Jared Porter will arrive at the 42nd Tamworth Country Music Festival this weekend as one of Australia’s most exciting emerging country music artists.
The 25-year-old is a finalist in the 2014 Toyota Star Maker — the national talent competition responsible for launching the careers of Keith Urban, Lee Kernaghan, James Blundell, Gina Jeffreys and Beccy Cole.
For the Queensland Conservatorium Griffith UniversityBachelor of Popular Music student, the opportunity has come at the perfect time.
“It’s such a huge opportunity and an incredible honour to be in the presence of Australia’s country music legends,” he says.
“Just to be a finalist in a competition of this calibre is in itself a solid stepping stone for a full-time career as a musician.”
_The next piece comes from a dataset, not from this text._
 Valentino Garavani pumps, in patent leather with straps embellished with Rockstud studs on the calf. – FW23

First prize includes a recording contract, production of a video clip by an award-winning director, a trip to Nashville and performance at the annual CMA Global Artist Showcase, photography, an album launch, exposure in Australia’s monthly country music magazine Capital News, and the use of a new Toyota and fuel card for one year.
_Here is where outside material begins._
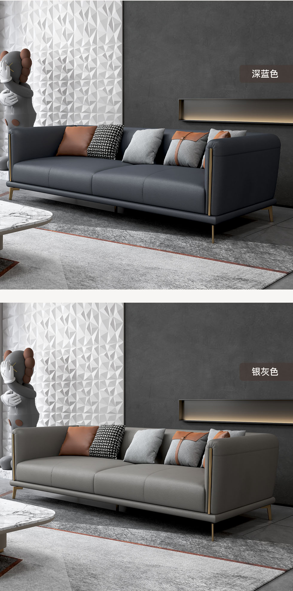 非凡工艺 现代简约 人体接触面优质超纤皮+其余位置仿皮 +抛光实木内架(桉木为主)+合成板材框架+坐包填充高密度纯海绵+15公分五金脚 深蓝 三人位 2.15米沙发

The competition heat will take place this Sunday 19 January with the Grand Final featuring Lee Kernaghan and Kaylee Bell set for Friday 24 January.
Jared says his love for music is deeply rooted in his family history.
“My father was born and raised in the Appalachian Mountains and my mother is from the desert valley of Mesa Arizona, so that, coupled with my childhood in the small gold mining town of Grass Valley in the Sierra Mountains in northern California, had a profound impact on me,” he explains.
“Not long after I moved to Australia as a teenager, I had a serious rock climbing accident, which left me with a broken tailbone and a displaced disc in my back.
“I was suddenly faced with the reality that the sports, fishing, dirt bike riding and camping that I’d spent so many years focused on was no longer a viable option.
“As it turns out, this then became the point in my life where I started to take music more seriously and really focus my attention on the sounds I’d spent my childhood listening to.”
Despite a brief stint in a punk rock band, country music was well and truly in his heart and soul, becoming the driving force behind his study at the Queensland Conservatorium and the release of his first video clip in February last year.
Jared and his wife still have family ties across the USA – in Kentucky, Tennessee, Colorado and Texas – so it shouldn’t come as a surprise that his long-term plans involve returning to the country of his birth to pursue life as a recording and touring artist.
But for now, the young artist has his sights firmly set on Australia’s country music capital, Tamworth, which will this weekend be home to more than 55,000 visitors.